__Task directions__
Drop the images; return everything else in the listing below exactly.

__Exercise data__
-*-

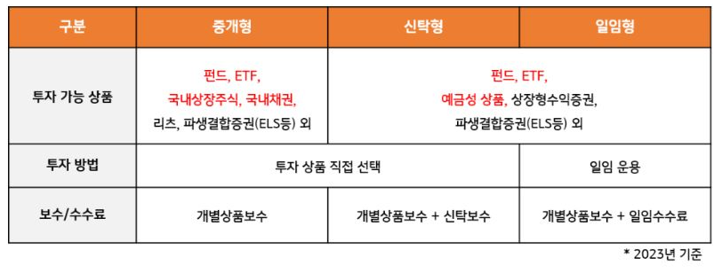 일임형, 신탁형, 중개형 등 다양한 유형이 있으며, 투자 상품과 수수료도 다릅니다.
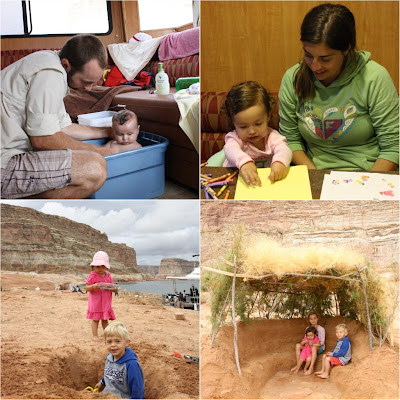 All last week we were House-boating on Lake Powell with wonderful friends. It was 7 days on the water and a full day to get there and back. Thankfully the kids did really well on the 11 hour car drive. We planned it that we started out during nap time, then they were awake for a while, then both ways we stopped for dinner in Vegas and to burn off energy and stretch our legs for a bit, before hitting the road again, while the kids slept the remaining 5 or so hours. They are both excellent in the car, with little to no crying from either of them, both ways!! This was my first time house-boating, and it was so much fun, and so beautiful! The landscape is gorgeous, with stunning rock formations, and the water was a perfect temperature, in the mid-high seventies. Our plan was to find the perfect beach and anchor the boat, then take off on the motor boats and jet skis to explore and wake board. We found a good beach the first day, but then the second day an even better one became available, so we moved the boat one last time, and enjoyed our rad beach for the week. It was clean and sandy, with great coves and hiking all around. We settled in to boating, wake boarding, hiking, swimming, jet-skiing, eating delicious food, and hanging out. Clara loves having older kids to tag around with, she was so independent and big-kid like the whole trip! She really looks up to Kelly & Nolan's kids, Brenna and Brett, and they were so good with her. Of course Clara absolutely loves Matt & Jeannine, and can't get enough of them. Luckily Matt & Jeannine are fond of our kids as well, because we all six slept in very tight quarters. We had the lower room that had two full size beds, and just enough floor space for a pack n play and travel bassinet. Somehow by early morning we would all four end up in the small bed, and I don't think anyone was sleeping very well. Oh well, it was worth it!
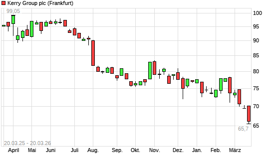 Mit dem Rücksetzer auf 65,70 EUR hat die Kerry Group-Aktie (ISIN IE0004906560) am 19.03.2026 ein neues 5-Jahres-Tief erreicht und damit den Kurs vom 18.03.2026 eingestellt.
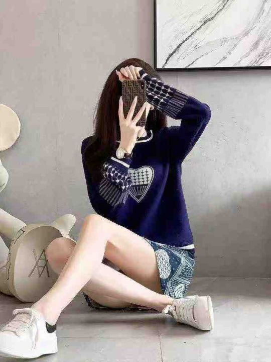 秋冬新款时尚气质减龄卡通拼接慵懒风宽松显瘦长袖针织套头毛衣,独立包装,...

-*-

__Response below__
 일임형, 신탁형, 중개형 등 다양한 유형이 있으며, 투자 상품과 수수료도 다릅니다.
 All last week we were House-boating on Lake Powell with wonderful friends. It was 7 days on the water and a full day to get there and back. Thankfully the kids did really well on the 11 hour car drive. We planned it that we started out during nap time, then they were awake for a while, then both ways we stopped for dinner in Vegas and to burn off energy and stretch our legs for a bit, before hitting the road again, while the kids slept the remaining 5 or so hours. They are both excellent in the car, with little to no crying from either of them, both ways!! This was my first time house-boating, and it was so much fun, and so beautiful! The landscape is gorgeous, with stunning rock formations, and the water was a perfect temperature, in the mid-high seventies. Our plan was to find the perfect beach and anchor the boat, then take off on the motor boats and jet skis to explore and wake board. We found a good beach the first day, but then the second day an even better one became available, so we moved the boat one last time, and enjoyed our rad beach for the week. It was clean and sandy, with great coves and hiking all around. We settled in to boating, wake boarding, hiking, swimming, jet-skiing, eating delicious food, and hanging out. Clara loves having older kids to tag around with, she was so independent and big-kid like the whole trip! She really looks up to Kelly & Nolan's kids, Brenna and Brett, and they were so good with her. Of course Clara absolutely loves Matt & Jeannine, and can't get enough of them. Luckily Matt & Jeannine are fond of our kids as well, because we all six slept in very tight quarters. We had the lower room that had two full size beds, and just enough floor space for a pack n play and travel bassinet. Somehow by early morning we would all four end up in the small bed, and I don't think anyone was sleeping very well. Oh well, it was worth it!
 Mit dem Rücksetzer auf 65,70 EUR hat die Kerry Group-Aktie (ISIN IE0004906560) am 19.03.2026 ein neues 5-Jahres-Tief erreicht und damit den Kurs vom 18.03.2026 eingestellt.
 秋冬新款时尚气质减龄卡通拼接慵懒风宽松显瘦长袖针织套头毛衣,独立包装,...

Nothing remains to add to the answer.